Scales fell from the eyes of Saul’s heart as scales filled the eyes of his body. The Light spoke and revealed his name, Jesus. The illustrious and learned Pharisee Saul was no better than a dumb ox struggling against the hand that feeds him. A goad is a long stick with a pointed end used to guide livestock. The obedient and docile follow along peacefully, while the rebellious and discontent “kick against the goad” and jab their flesh against the point. 

Saul thought he was doing God a favor by purging Judaism of heresy and blasphemy. His encounter with the risen Lord on the road to Damascus was a splash of cold water on a face fuming with righteous indignation. His whole world was suddenly transformed. 

Jesus was supposedly dead and buried. Saul never laid a hand on the infamous Messianic pretender, but only on his wayward disciples. Yet the voice spoke loud and clear, “I am Jesus.” The crucified one was no longer simply here or there, a local Christ, but everywhere and in each of his followers!

During his whirlwind conversion, the blinded Saul was baptized by Ananias, recovered his sight, and began to preach to the Jews that Jesus was indeed the Messiah. He found himself caught in a no man’s land: feared and suspected by followers of the Way, and persecuted by the Jews as a turncoat. 

Paul (Saul’s alternate name, see Acts 13:9) says that he spent three years in Arabia before returning to Damascus and meeting Peter in Jerusalem (Galatians 1:17-18).

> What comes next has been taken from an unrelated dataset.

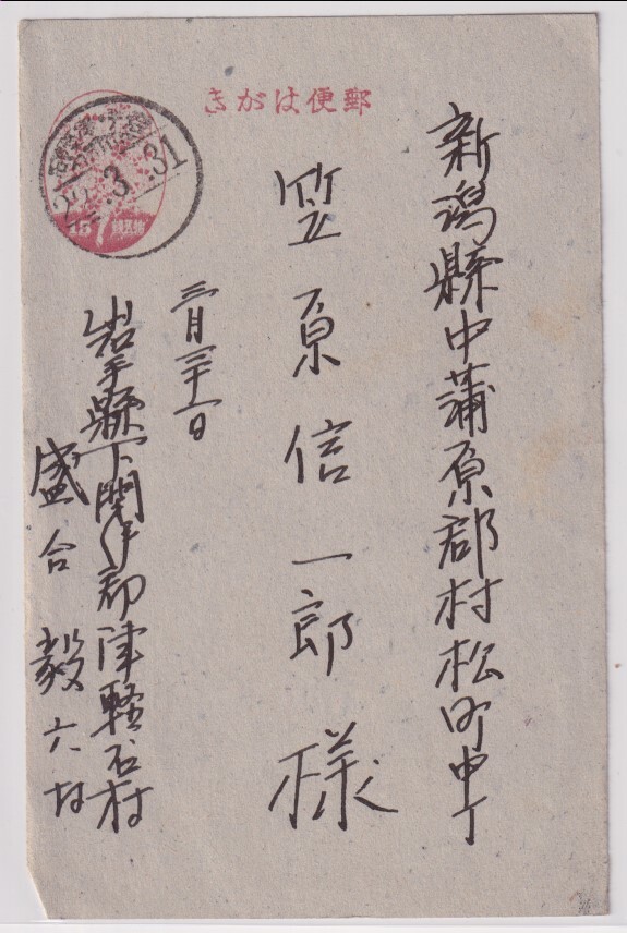 - 桜15銭葉書 ク/岩手.津軽石/22.3.31 15銭料金最終日

The divine silence in the desert must have prepared Paul for his powerful public ministry. He begins his letter to the Galatians thus:

Paul, an apostle not from human beings nor through a human being but through Jesus Christ and God the Father who raised him from the dead…

Galatians 1:1

The mediator of a new covenant, the eternal high priest Jesus Christ, chose Paul directly from the heavens. “I did not immediately consult flesh and blood,” Paul says (Galatians 1:16).

Now I want you to know, brothers, that the gospel preached by me is not of human origin. For I did not receive it from a human being, nor was I taught it, but it came through a revelation of Jesus Christ.

Galatians 1:11-12

The Lord confirmed his choice through his Body, the Church, by baptism and the laying on of hands. The Paul who stoned Stephen stoned Christ, but both forgave him and welcomed him into their eternal communion of love.

As a body is one though it has many parts, and all the parts of the body, though many, are one body, so also Christ… If [one] part suffers, all the parts suffer with it; if one part is honored, all the parts share its joy.

1 Corinthians 12:12, 26

-GMC

3 thoughts on “A Gospel Not of Human Origin

  1. fdan

    Dear GMC, thank you for your reflection. Saint Paul needed the help and guidance of others to heal and become what he is. Just like us.